The use of appropriate periods of rest is one of the most overlooked aspects of health and fitness today. In fact, many of the recently published weight training programs that promise to deliver results in just a few short weeks do not even bother to define rest even though the time between each set and session is absolutely critical. Too much rest will compromise the benefits of the session, and too little could actually reduce strength or lead to injury.
Sebastian Hirsch has pointed out that while undefined rest is a common problem among many lifters, the same is not often true of runners. This is because a serious running program is designed with the goal of improving both the aerobic and anaerobic capacity of the runner, and the amount of rest allowed during a training session will be based on the system that is targeted for improvement. Furthermore, runners become more acutely aware of how their performance is affected by even the slightest alteration in rest, with 30 seconds of rest between sets yielding far different results than several minutes.
Rest can also refer to the amount of sleep an individual gets, though sleep is not the only part of recovery that can make a difference. Since most jobs today are sedentary in nature, active recovery is an important part of training that can also result in reducing the chance of injury. This may be something as simple as a long walk or a brisk bike ride — anything that gets blood circulating through the body to aid in the recovery process.

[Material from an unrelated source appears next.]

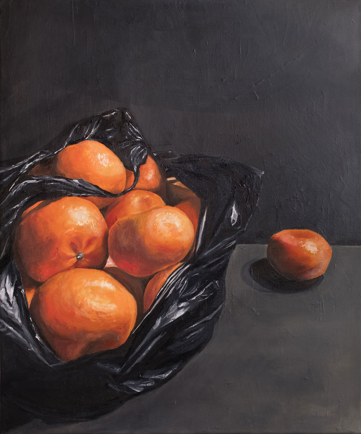 This work is a reference to classic still lifes, where fruits and vegetables are often presented surrounded by beautiful silver plates, vases and precious fabrics. In our daily life, we mostly see fruits and vegetables in plastic packaging or plastic bags. But more and more people become aware of sustainable lifestyle. Perhaps we are not very far from the days when such packaging becomes nothing more than a spectacular part of the decor preserved in the painting.

To illustrate the importance of rest, take, for example, two men of similar strength and size who are following the same training program. The first, Hugo, sleeps five hours per night and does no form of active recovery in between training sessions. The other, Marcus, sleeps eight hours per night and takes a 45-minute walk with his dog every evening. It should be clear that Marcus is going to get more out of the program while Hugo is going to be left wondering why he is not improving at the rate he should.